Cortåzar & his peers at the magazine shared many stylistic traits. Sylvina Ocampo’s writing tended to focus on transformations, metamorphoses ~~ the doubling, splitting, and fragmenting of the self. Julio shared her obsession. For instance in his famous story “Axolotl”, a man visiting a Parisian aquarium slowly transforms into the strange, alien-seeming titular creature. Or in “La Noche Boca Arriba” an injured motorcyclist dreams he is an aztec warrior, only to find that he is in fact an ancient aztec dreaming of modernity. Meanwhile their compatriot Adolfo Bioy-Casares, for his part, tended more to the uncanny subversion of genre fiction ~~ detective stories and such that devolve into time loops and various existential frustrations reminiscent of Kafka. Borges loved the genre ploy too ~~ “Death and the Compass”, for instance, has a Sherlock Holmes or “Man Who Was Thursday” feel about it. And Cortåzar too loved the sort of thriller or murder mystery which slowly begins to blur around the edges, allowing otherworldly elements to crash the party, as in “Continuidad de los parques” from 1956, in which a man is murdered by the fictional killer in the murder mystery he is reading.
His stories always tended to be very short, to involve some unnamed and often unnameable leakage of high weirdness into an otherwise everyday world, and to offer no explanations for that weirdness, nor solutions to the problems it causes. The methodology is: take two incompatible things, two things that can’t inhabit the same universe, force them together by fiat, and then step back and cooly consider the result.
2.) SYNOPSIS
The narrator of “House Taken Over” is unnamed, a middle-aged, cultured, wealthy man living quietly in his ancestral home in a fancy neighborhood in downtown Buenos Aires with his beloved sister Irene. They have no servants and no guests, and indeed there are no other characters in the story unless you count the house itself. Which many do. Although once a week the narrator leaves to do the shopping in town, otherwise there is no mention of either of them ever leaving the house for any reason. His description of their daily activities is unvarying in its simple domesticity. They clean, cook, eat, & he reads French literature from the library room, though he has bought no new volumes for half a decade. She knits, practical items, though sometimes she pulls apart the blanket or sweater she’s just completed in order simply to have the pleasure of redoing it from the beginning. The drawers and closets of one of the master bedrooms are full of her never-used shawls and socks and such.

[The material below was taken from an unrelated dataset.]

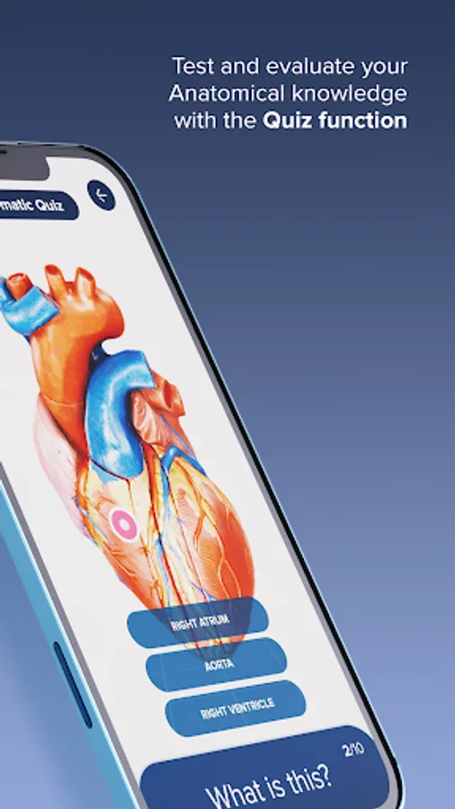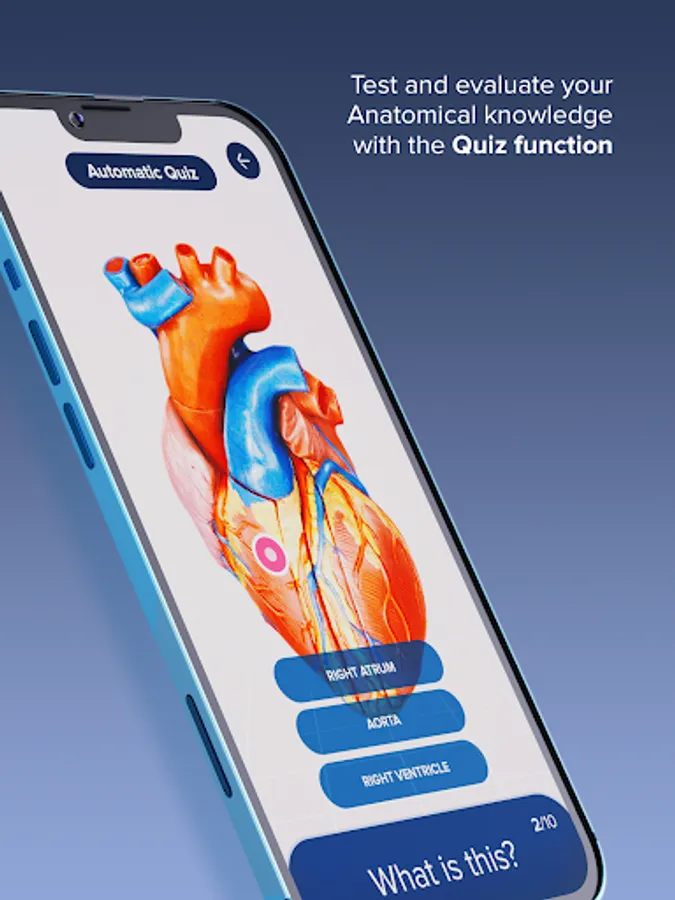 • Use the Quiz to answer “where is” and “what is” questions to test and improve your anatomical knowledge with instant results and final score evaluation

The great, hollow, silent house is a pleasure & a comfort to them. They grew up in it, as did their parents and their parent’s parents, and they fully expect to end their days there in comfort, eventually. They live an elegant but simple life on the dividends of old family money, and the house is lavishly appointed ~~ he speaks of marble console-tops and the diamond patterns in a tooled leather desk set, of wrought iron doorways and enamel tiles and multiple grand pianos. The house is large enough to straddle a city block, and it’s layout is important to the story... One entrance fronts on a public square, an elegant Edwardian park called Plaza Rodriguez Pena, and the other entrance is one street over. Inside, the house is divided into two wings ~~ the grand bedrooms, dining hall, and library are on the park side, while the street side constitutes a simpler, more functional apartment ~~ a kitchen, a sitting room, bathroom, & several small se rvant’s bedrooms. Between the two halves there is a heavy wooden door.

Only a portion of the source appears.